Value in the line matches a pattern (regular expression)
Sometimes, when the value of the row match or contain a particular pattern (regular expression), only you need to leave those lines. For example, we want to keep all invoices in the data set begins with "001" line, or want to keep the line all suppliers whose names include the "Y". In this case, we can examine the value of the row matches or contains a pattern, and then filter out the lines that match or contain the pattern.
1. Basic Python
code show as below:
#!/usr/bin/env python3
import csv
import re
import sys
input_file = sys.argv[1]
output_file = sys.argv[2]
pattern = re.compile(r'(?P<my_pattern_group>^001-.*)', re.I)
with open(input_file, 'r', newline='') as csv_in_file:
with open(output_file, 'w', newline='') as csv_out_file:
filereader = csv.reader(csv_in_file)
filewriter = csv.writer(csv_out_file)
header = next(filereader)
filewriter.writerow(header)
for row_list in filereader:
invoice_number = row_list[1]
if pattern.search(invoice_number):
filewriter.writerow(row_list)
Let's talk about the above code.
import re
This line of code to import the re module, which is the regular expression module.

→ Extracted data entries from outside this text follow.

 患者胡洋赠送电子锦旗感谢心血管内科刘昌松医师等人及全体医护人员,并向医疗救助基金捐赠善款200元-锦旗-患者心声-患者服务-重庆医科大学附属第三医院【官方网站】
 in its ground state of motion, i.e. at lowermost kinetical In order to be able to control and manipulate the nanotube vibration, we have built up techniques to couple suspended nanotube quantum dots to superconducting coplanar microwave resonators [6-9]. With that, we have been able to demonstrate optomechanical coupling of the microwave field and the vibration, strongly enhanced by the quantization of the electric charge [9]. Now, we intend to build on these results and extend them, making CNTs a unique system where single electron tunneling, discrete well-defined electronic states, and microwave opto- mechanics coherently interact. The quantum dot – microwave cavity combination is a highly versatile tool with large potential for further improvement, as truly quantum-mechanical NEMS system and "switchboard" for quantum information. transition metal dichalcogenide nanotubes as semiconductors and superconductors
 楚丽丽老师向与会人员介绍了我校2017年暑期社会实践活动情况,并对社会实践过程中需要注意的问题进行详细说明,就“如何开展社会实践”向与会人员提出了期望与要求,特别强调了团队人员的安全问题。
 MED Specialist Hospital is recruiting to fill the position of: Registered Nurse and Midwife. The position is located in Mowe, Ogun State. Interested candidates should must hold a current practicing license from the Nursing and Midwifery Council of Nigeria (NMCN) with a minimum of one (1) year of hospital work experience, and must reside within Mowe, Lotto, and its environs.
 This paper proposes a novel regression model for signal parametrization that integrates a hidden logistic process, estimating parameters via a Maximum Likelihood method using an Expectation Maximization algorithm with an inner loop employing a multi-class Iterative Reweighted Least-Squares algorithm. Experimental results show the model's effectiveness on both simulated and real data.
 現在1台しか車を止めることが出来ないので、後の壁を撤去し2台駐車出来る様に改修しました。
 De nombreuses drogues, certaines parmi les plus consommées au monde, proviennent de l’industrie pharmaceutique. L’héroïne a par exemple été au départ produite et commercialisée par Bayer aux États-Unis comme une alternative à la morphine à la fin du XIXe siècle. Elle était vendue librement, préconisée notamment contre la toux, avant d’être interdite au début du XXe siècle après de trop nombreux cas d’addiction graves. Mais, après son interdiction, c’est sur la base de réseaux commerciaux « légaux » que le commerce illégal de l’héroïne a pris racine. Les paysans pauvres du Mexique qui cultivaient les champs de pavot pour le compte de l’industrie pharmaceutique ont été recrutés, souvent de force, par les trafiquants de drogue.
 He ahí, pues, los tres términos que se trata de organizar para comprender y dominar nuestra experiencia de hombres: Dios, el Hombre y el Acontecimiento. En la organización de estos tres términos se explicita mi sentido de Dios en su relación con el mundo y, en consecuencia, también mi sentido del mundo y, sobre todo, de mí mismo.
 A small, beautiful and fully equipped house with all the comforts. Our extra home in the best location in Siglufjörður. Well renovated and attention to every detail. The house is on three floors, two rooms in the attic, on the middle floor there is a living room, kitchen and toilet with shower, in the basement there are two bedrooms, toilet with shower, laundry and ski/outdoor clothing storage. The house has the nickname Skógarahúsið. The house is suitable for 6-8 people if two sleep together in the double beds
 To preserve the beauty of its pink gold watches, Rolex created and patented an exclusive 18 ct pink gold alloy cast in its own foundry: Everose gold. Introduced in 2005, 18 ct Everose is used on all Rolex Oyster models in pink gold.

pattern = re.compile(r'(?P<my_pattern_group>^001-.*)', re.I)
This line of code uses the re module compile()
functions to create variables pattern
. Wherein r
represents the mode between the single quotes treated as the original string. Metacharacter ?P<my_pattern_group>
capture named <my_pattern_group>
groups in a matching string, so that when needed they are printed to the screen or write to the file. The actual pattern here mean ^001-.*
. Caret ^
indicates that only at the beginning of the string search mode, *
represents repeat the previous character zero or more times, .*
together representing other line break \n
any character can appear any number of times than in the "001" behind. Finally, parameter re.I
tells the regular expression case to match.
Content about regular expressions, you can refer to my previous blog wrote: Python regular expression .
if pattern.search(invoice_number):
filewriter.writerow(row_list)
As used herein, the re module search()
function invoice_number
values to find mode, if the pattern occurs in the variable value, the line will be written to the output file.
We command line window run the script, get the output file as shown in the following figure.
2.pandas
Use pandas module code is as follows:
#!/usr/bin/env python3
import pandas as pd
import sys
input_file = sys.argv[1]
output_file = sys.argv[2]
data_frame = pd.read_csv(input_file)
data_frame_value_matches_pattern = data_frame.loc[data_frame['Invoice Number'].str.startswith("001-"), :]
data_frame_value_matches_pattern.to_csv(output_file, index=False)
The above code, the startswith()
function searches data, do not have a regular expression.
Output and the output of this method Python consistent basis of the above, is omitted.